CSCO + SPLK - A Financial Engineering Driven Deal (Pt.2)

CSCO + SPLK - A Financial Engineering Driven Deal (Pt.2)

Summary

  • In Part 2 we discuss the implications for arbitrageurs and CSCO investors.
  • We scrutinize CSCO's strategic rationale for acquiring SPLK for its data and AI.
  • We also review CSCO's rationale for acquiring SPLK as it relates to EDR and observability.
  • Lastly, we include some scenario-based valuations.
  • Part 3 will cover the implications for SPLK's competitors.

Implication for M&A Arbitrageurs

The CSCO-SPLK deal stands a strong chance of approval. However, big tech acquisitions now face heightened regulatory scrutiny, leading to a higher than normal failure rate, especially since the appointment of Lina Khan as the head of the FTC by the Biden Administration. Khan is committed to curbing the acquisition power of tech giants, even if the target is a niche startup in a market where the acquiring company doesn't dominate.

The anti-trust scrutiny from the EU has also risen substantially. There is ample tension between the different views on big tech dominance from the US and the EU regulators. The EU hopes to create domestic tech champions, a protectionism stance that many find to be unreasonable and ideology-driven.

Finally, for companies with revenue from China, the increased geopolitical tension also puts heightened risk of Chinese regulators blocking the deal, not on the grounds of anti-competitive concerns, but geopolitical considerations. For example, INTC's TSEM (Tower Semiconductor) acquisition was approved by major regulators across the world but received no approval from the Chinese regulator. This is very likely due to INTC's influence in cementing the Chips Act and its increased ties with EU and US regulators, who masterminded the blockade that prevented China from accessing semiconductor-related products.

The SPLK acquisition is one of the biggest acquisitions in tech this year, apart from the $59bn MSFT-Activision deal and $61bn AVGO-VMW acquisition. Unlike MSFT expanding in the video game market, and AVGO entering the software business, both of which are not core to their business, CSCO has more overlap with SPLK, especially with its expansive security portfolio and broad presence across enterprise tech. This could potentially attract more regulatory scrutiny and potentially block the deal. At the same time, CSCO can argue that there are many next-gen SIEM players on the rise, and this acquisition won't hurt the competitive dynamics of the industry.

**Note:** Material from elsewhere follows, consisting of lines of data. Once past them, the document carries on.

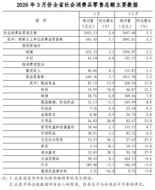 1-3月份,全省社会消费品零售总额7647.40亿元,同比增长3.3%,高于全国0.9个百分点。其中,限额以上单位消费品零售额2045.61亿元,增长3.3%。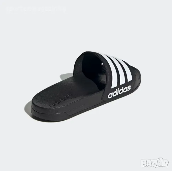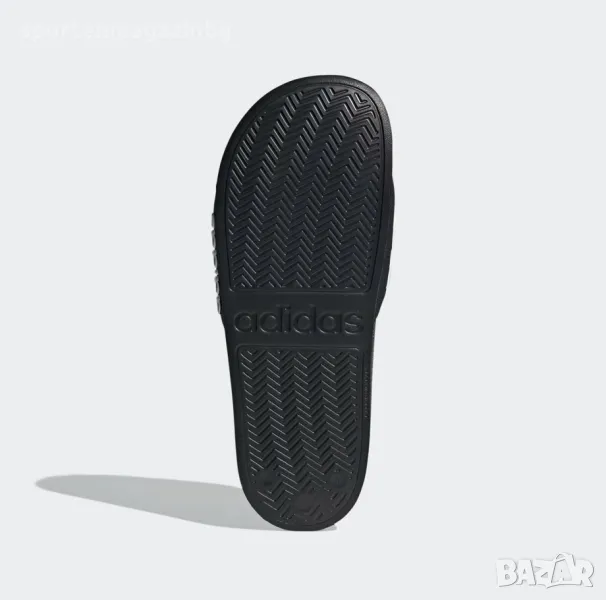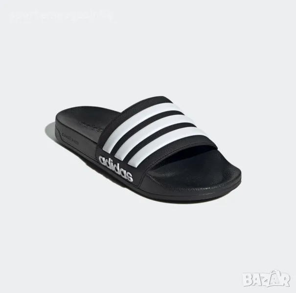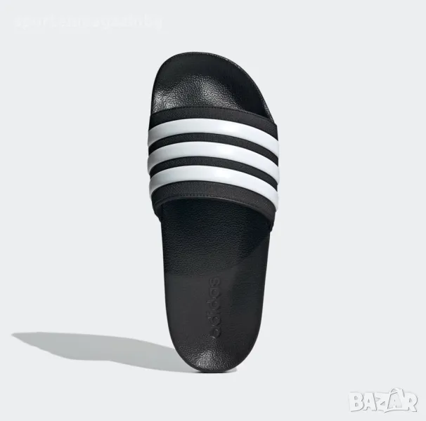 Здрава, изцяло обшита конструкция. Мека лента в горната част за естествено движение на краката. Очертаната стъпална подложка все едно е излята по краката ви, не позволява хлъзгане и изпотяване и е изключително мека. Пяната Cloudfoam на стъпалото осигурява плюшено чувство под краката. Надпис Adidas в страни и отличителни три ленти в горната част символизиращи марката. Външната подметка е със специално набраздени отвори, които гарантират трайност и перфектно сцепление дори в мокри условия.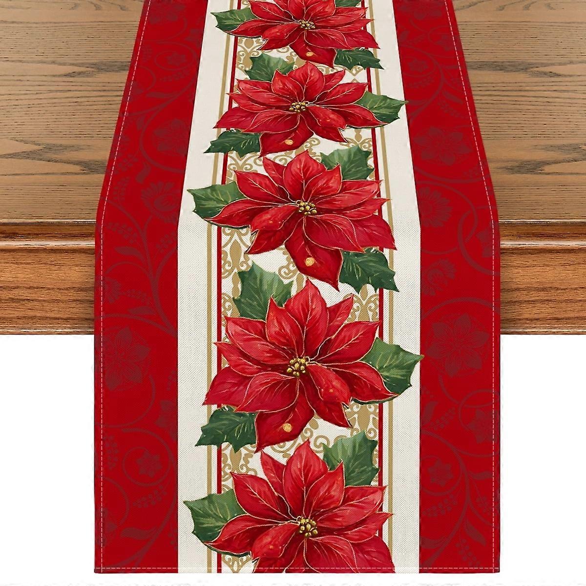Smile Poinsettia Christmas Table Runner for Xmas Winter 13 x 90 Inch, Red
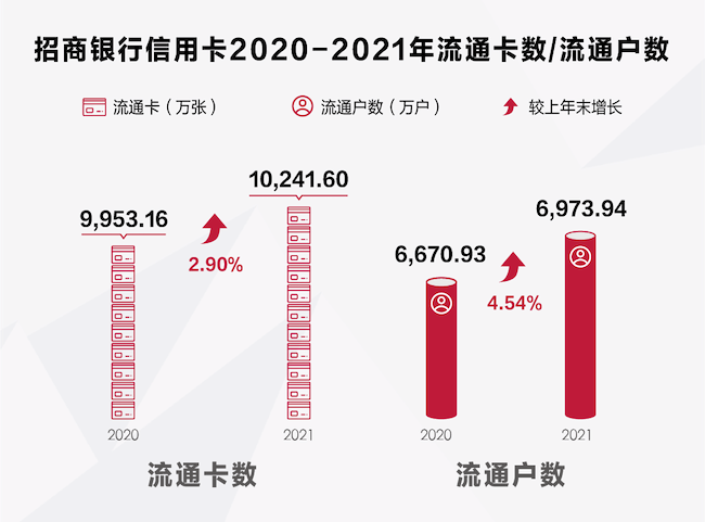 據(jù)財報,截至2021年底,招行信用卡流通卡量10241.6萬張,較上年末增長2.9%,首次突破1億張;流通戶數(shù)6973.94萬戶,較上年末增長4.54%。招行信用卡流通卡量、流通戶數(shù)在高位穩(wěn)步增長,與其從客戶視角出發(fā)推動產(chǎn)品升級,完善豐富的產(chǎn)品矩陣不無關系。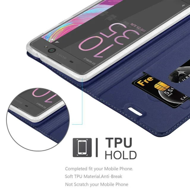 Cadorabo Ohišje, združljivo z Sony Xperia XA v klasična temno modra - Zaščitni ovitek z magnetnim zapiranjem, stoječo funkcijo in režo za kartice

Regulators, particularly from the US, seem more focused on the broad goal of preventing big tech's expansion than on fostering genuine market competition. For instance, the FTC halted Meta's acquisition of a niche VR gaming startup and blocked AMZN's purchase of a home robotics company. Yet, they seemed less concerned about MSFT's bundling strategies, which nearly almost killed Slack and ZM, clearly leveraging their dominant market position in a harmful way. Additionally, actions such as GOOG's alleged content appropriation from Yelp on Google Maps and AAPL's 30% commission on all app store transactions have largely escaped FTC's scrutiny. Such less-publicized anti-trust behaviors appear to be overshadowed by broader political objectives.

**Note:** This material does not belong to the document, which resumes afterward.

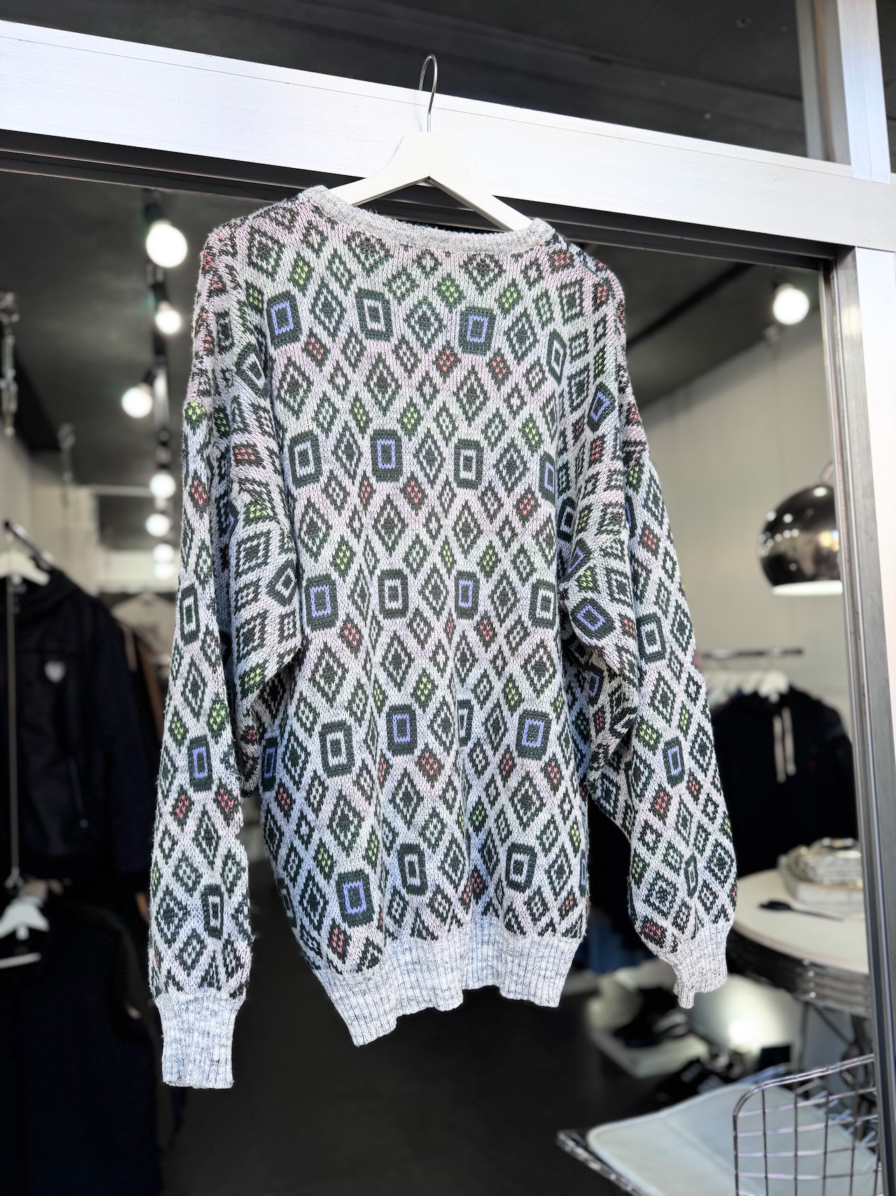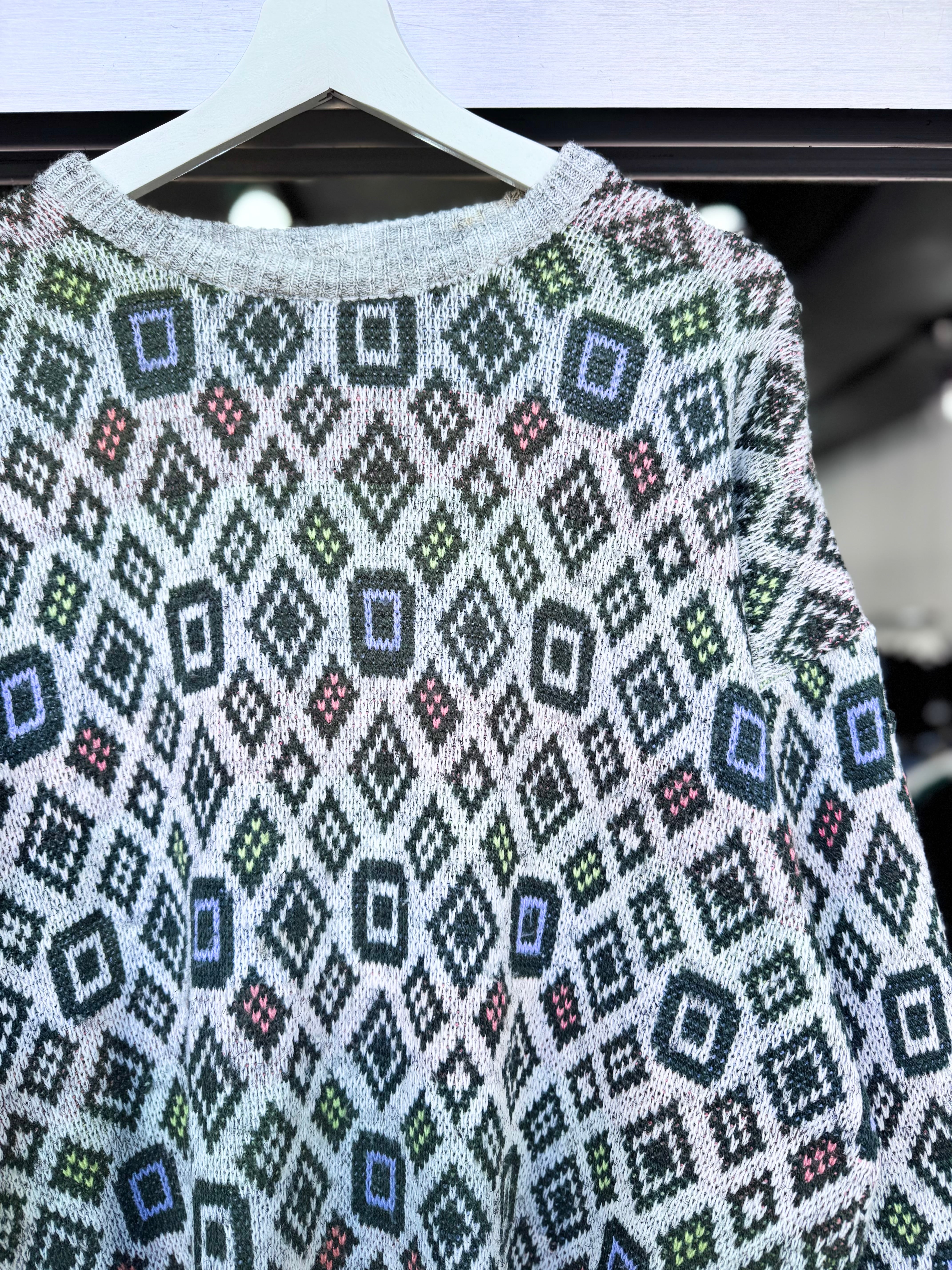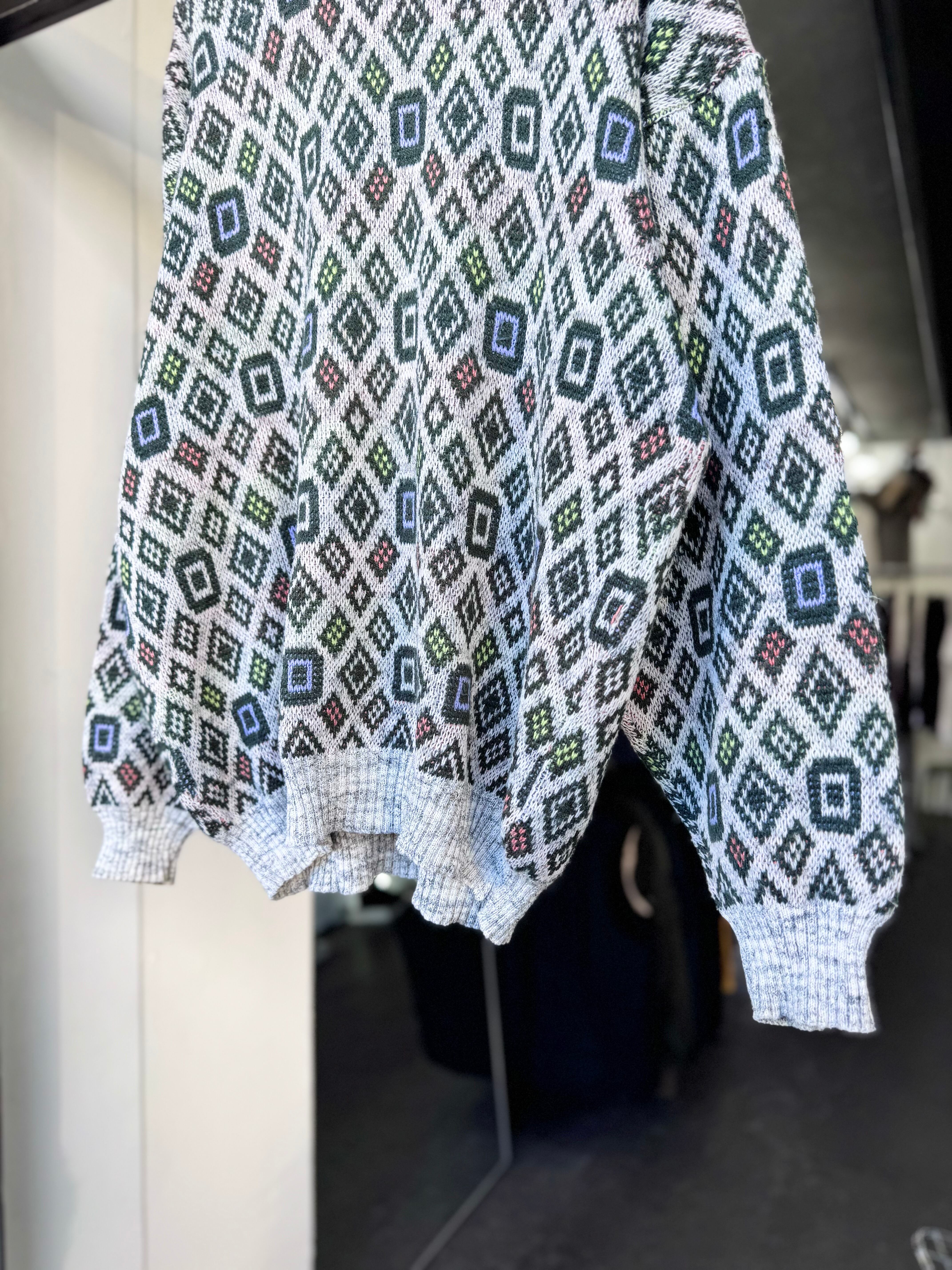 【XL】1980s MADE IN ITALY / 幾何学模様 Acrylic Pattern Knit / 20251057

Therefore, while CSCO's incoming SPLK value creation thesis, centered around pushing the product to its customer base via aggressive bundling and price reductions, seems anti-competitive and an exploitation of its market leading status to us, the FTC and other regulators may overlook these micro dynamics as they are pursuing a grand macro agenda more concerned with big tech names.

In addition, as an infrastructure company that has less publicity, the EU regulator will very likely give it a pass too. For the Chinese regulator, it is tricky. Although CSCO has indicated that it doesn't require the regulatory approval from China, due to CSCO's footprint within China, there is still a small risk. For the upside, CSCO has always been a smart player in political play and it has been dealing with local government customers and state-owned enterprises for a very long time. It was the original supplier of hardware and related technology for China's Great Firewall, that censored domestic Internet traffic at great scale. So they should be able to handle the politicized anti-trust regulatory screening better than INTC did.

To sum up, this deal has a relatively higher likelihood of going through anti-trust screening, despite the scrutiny on big tech M&A has risen substantially over the years. Due to CSCO's shady anti-trust modus operandi, and SPLK's high-but-weakening market share, most regulators may not view it as a big anti-trust threat. The risk persists as the regulatory landscape has shifted to an uncertain and less rational one. Should the deal fail to go through regulatory approval, SPLK's share price may experience a big dip as the company is still in trouble.